------ RECORDED INFORMATION

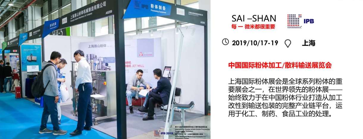 十七年來,IPB不斷發(fā)展壯大,已經(jīng)成為了中國(guó)粉體和散料領(lǐng)域中大的“一站式”展會(huì),為中外粉體行業(yè)相互交流與合作、企業(yè)與協(xié)會(huì)的交流與溝通搭建了平臺(tái),為企業(yè)拓展新業(yè)務(wù)、開發(fā)新市場(chǎng)提供了豐富的信息和商機(jī)。在世界領(lǐng)先的粉體展——德國(guó)POWTECH全力支持下,始終致力于在中國(guó)粉體行業(yè)打造從材料加工改性到輸送包裝的完整產(chǎn)業(yè)鏈平臺(tái),運(yùn)用于化工、制藥、食品工業(yè)的處理。賽山粉體此次攜帶實(shí)驗(yàn)室級(jí)三合一粉碎處理設(shè)備參展。
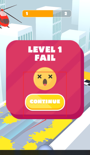 3、若挑战失败会显示"LEVEL 1 FAIL"界面,查看当前得分情况,点击"CONTINUE"按钮消耗复活机会继续当前关卡。
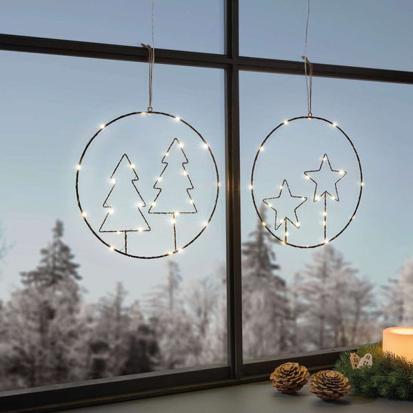 FRANK FLECHTWAREN | LED-Hänger Sterne & Tannen, 2er Set, METALL, KUNSTSTOFF , D: 30 cm
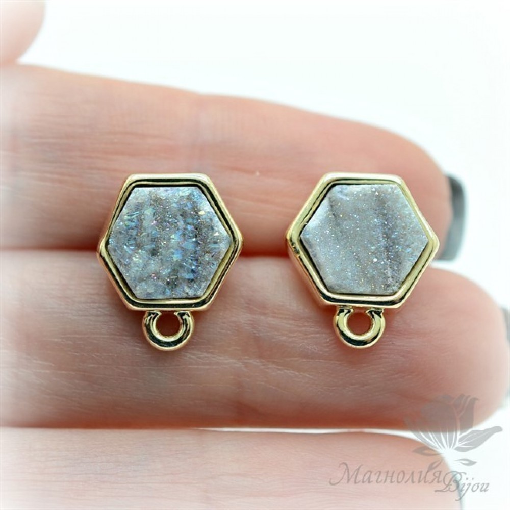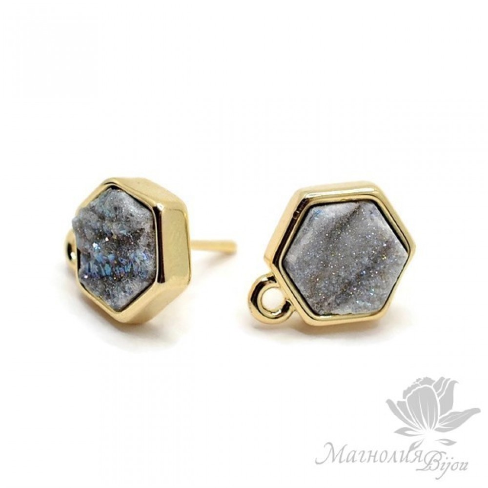 ПУССЕТЫ с друзами агата "Grey" шестигранные, позолота 18 карат

------------

#### TASK ITEM:
Starting at the line that contains "FRANK FLECHTWAREN |", extract each line through the last line of the material exactly as written, and include no pictures.

#### TASK OUTPUT:
 FRANK FLECHTWAREN | LED-Hänger Sterne & Tannen, 2er Set, METALL, KUNSTSTOFF , D: 30 cm
 ПУССЕТЫ с друзами агата "Grey" шестигранные, позолота 18 карат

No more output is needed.